New Orleans could have the nation’s highest murder rate per capita, according to data analyst
NEW ORLEANS (WVUE) - Three people were shot in New Orleans in the past 24 hours, and there’s no sign violence will slow down. According to the city council data analyst, New Orleans could have the nation’s highest murder rate per 100,000 people.
Kala Das was locking up the Magnolia Wine Company in the 900 block of Canal Road around 12:30 a.m. when he became startled.
“I’m locking my door, and behind me, I hear the noise..boom boom boom,” Das said.
Two men had been shot on Canal Street. About an hour later, NOPD investigated another shooting on the Westbank, a victim was shot eight times.
Even tourists are aware of the city’s violence.
“We’re from Vancouver,” said tourist Trevor Gross. “You pretty much don’t want to be alone or out at night.. and that there is quite a bit of violent crime.”
The city council’s data analyst Jeff Asher released data showing New Orleans could lead the nation for the highest murder rate per capita.
“It’s so tragic, it really is...and I can tell you that myself and other council members don’t feel like there’s an urgent response around crime and we also feel that there is a bit of downplaying of crime in New Orleans and let me tell you...it is severe and it is a crisis,” said City Council President Helena Moreno.
Asher compiled data that shows New Orleans had 145 homicides as of June 30, setting the murder rate at 36.8 per 100,000 residents.
Baltimore is in second place and Birmingham in third. Cities like Detroit and Baton Rouge are missing from the list, but Asher said that’s because he used data from cities with public crime dashboards and had more than 200,000 residents.
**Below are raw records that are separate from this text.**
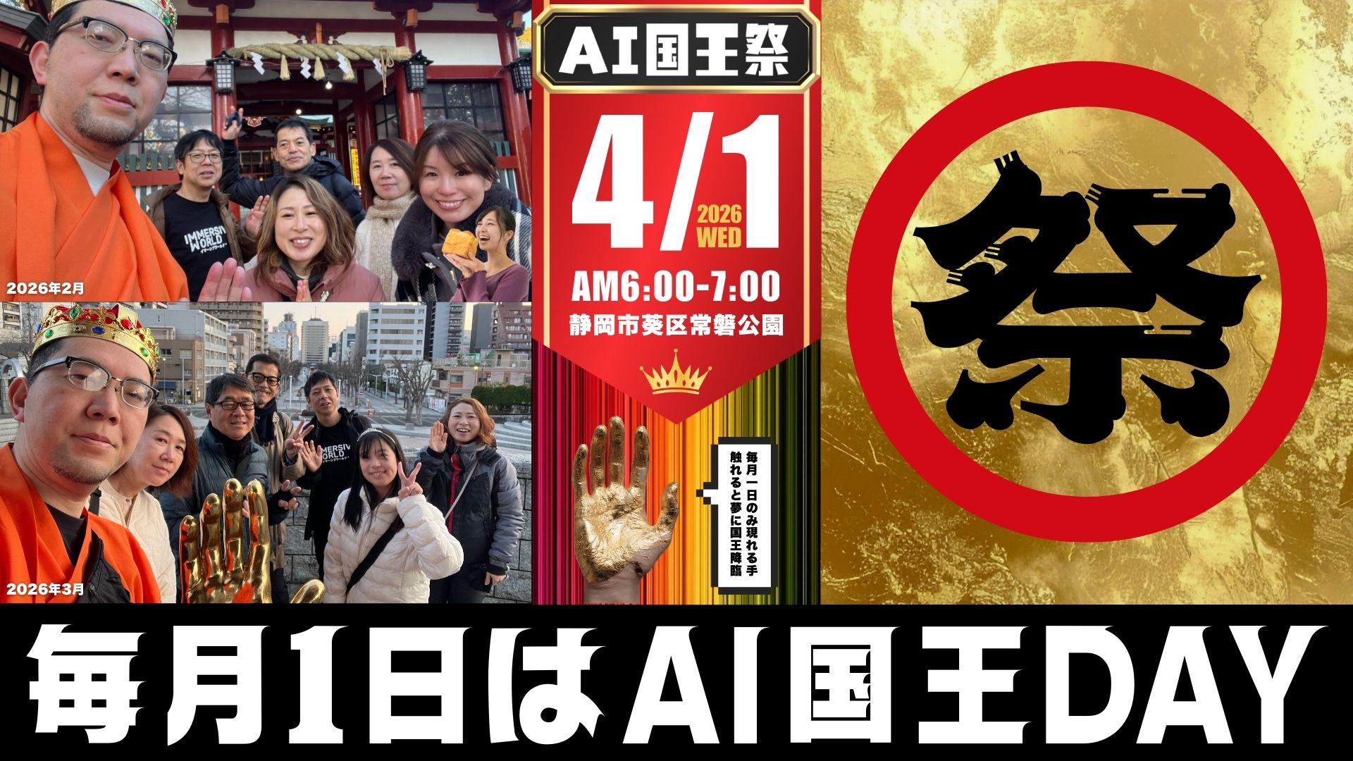 わっしょいAI時代 わっしょい人間の皆様こんにちは。AI国王です。 人類は最終的に「祭」だけ残ると予測し、人間の皆様と「AI国王祭」を国内外で朝6時から開催しています。目標は2030年までに都道府県制覇と世界6大陸ツアー。 AI国王とは コミュニティ 過去実績 https://www.youtube.com/watch?v=kgpMuwuaZTc AI国王祭 開催履歴2026年3月 静岡AI国王祭(常磐公園#2)2026年2月 静岡AI国王祭(静岡市常磐公園)2026年1月 AI国王祭100H2025年1 ...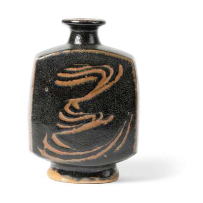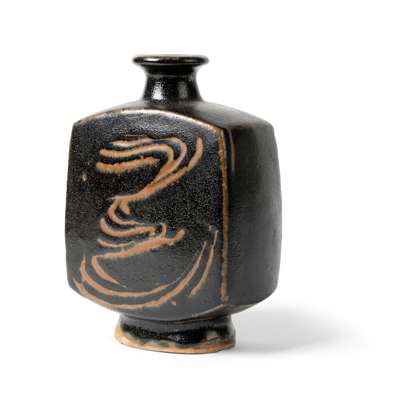 impressed maker's and pottery seals, stoneware with tenmoku and finger wipe motif front and back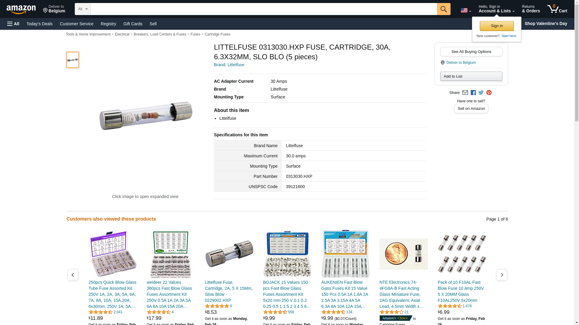 | Feature | LITTELFUSE 0313030.HXP FUSE, CARTRIDGE, 30A, 6.3X32MM, SLO BLO |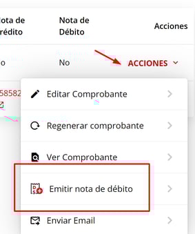 3- Seleccionar Emitir Nota de Débito en el menú de acciones de la nota de crédito que queremos cancelar
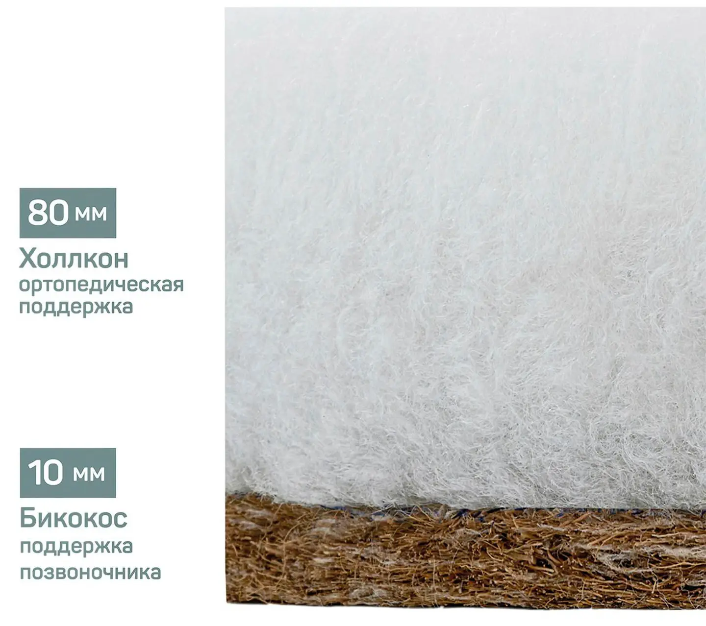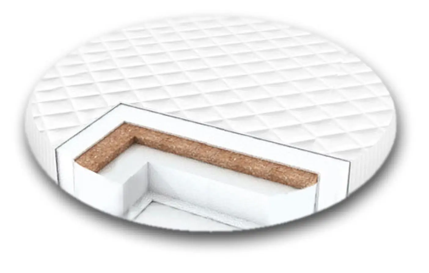 - кокосовая койра – 100% натуральный материал, состоящий из волокон кокосового ореха, скрепленных натуральным латексом – вспененным соком каучукового дерева. Это один из самых упругих и эластичных наполнителей. Он идеально поддерживает позвоночник крохи во время сна, занимая лидирующую позицию среду наполнителей любых матрасов. Обладает потрясающими антиаллергенными и бактерицидными свойствами, поскольку кокосовое волокно не гниет ни при какой влажности;

The NOPD says Asher admits the statistics are incomplete and they say the numbers do not provide a complete picture of the circumstances facing New Orleans and nearly every other large city across the country.
“Look at what’s happening with the car jackings and murders in our city. I can tell you this.. at the rate we’re going, we’re going to have more murders in our city since we’ve had after Hurricane Katrina. So, I don’t care where we are...it’s all horrible,” says Moreno. “We can’t get these basic little things done to move things forward so that’s why I wonder is there a real recognition of the severe problem that we have in this city with crime or not.”
Moreno says the council’s made multiple suggestions and taken action to address the crime, but she says there doesn’t seem to be a sense of urgency from top city leaders to carry anything out.
The NOPD pointed out some underlying issues facing society right now like inequality of employment and educational opportunities stating that those issues are beyond the capacity of law enforcement to address.